Quote:
Originally Posted by Aaron W.
The only part of your statement that I deny is the charge of misogyny. I would agree that it's sexist (it's clearly prejudicial based on gender) and I would even consent that it's harmful in at least some elements of its application.
But I just find that the misogyny accusation to be mostly empty. I view it similarly to those who are quick to raise the "racist" label is used by some in order to attempt to shout down disagreement. The repetition of the term does not count as either evidence or an argument.
How interesting. I noted before how, despite repeated queries, all the "wiggling and hoop jumping you will go through to avoid giving even the slightest form of condemnation of [the] policy". It was something that you "think it's something that's neither here nor there, that you defend not having an opinion on. Yet here Original Position comes in and immediately you are coming out agreeing the policy is harmful.
The line of defence that you have uttered and Lemonzest tacitly endorsed - that organizations
can do things and you don't care to comment on whether those things are good - is one I find to be entirely empty. There is nothing about it being an organization that prevents one from criticizing strongly its policies. But I doubt you would even consistently apply such a defence.
Imagine that instead the church restrict black people from positions of authority. When asked your view on this policy would your only utterance be "These are organizational decisions that are left to individual organizations to determine"? Imagine that instead it is a government, say the Canadian government that prevents women and/or blacks from being elected. From voting. From owning land. Are these just organizational decisions that are left to individual organizations to determine? Imagine it is Apple, that as matter of policy no woman or black person is allowed to work at Apple (and all the nondiscrimination laws didn't exist that would prevent this policy). Since we don't have any western examples outside of religion of women being restricted from positions of authority (you failed to come up with a single example despite claiming many, many examples existed), we can take the policy of women not being allowed to drive in Saudi Arabia.
Yes, for all of these, you can appeal to some libertarian principle that people can organize themselves as they wish. But regardless of that idea, one can still nonetheless step in and condemn things and say no, it is wrong to restrict women from political office, and so forth down the list of examples.

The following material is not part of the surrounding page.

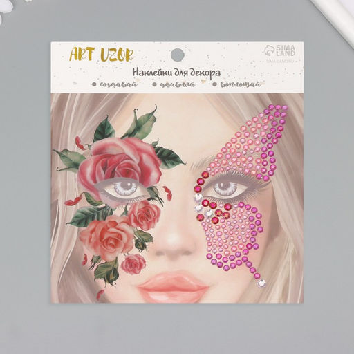 Украсьте лицо изящным крылом бабочки, усыпанным сияющими стразами. Эта самоклеящаяся аппликация с розами создаёт мгновенный эффект роскоши и не требует специальных навыков для нанесения. Просто снимите защитный слой и прикоснитесь к коже мерцающий акцент готов.

Now to this bit about misogyny. You seem to have forgotten that not only did I not use the term as an argument or evidence, but I explicitly denied that I was doing this. I explained that I thought the term was the appropriate label, but that if you wanted to get all semantic about the appropriateness of the label, it was the underlying concept that I was opposing. If you don't want to call this clearly sexist and harmful policy misogynistic, well fine, but I object because of the harm it causes not because I happen to label that harm misogynistic. For both of the two terms (anachronistic being the other) we have seen how your objection to its use was an objection to something I simply wasn't doing.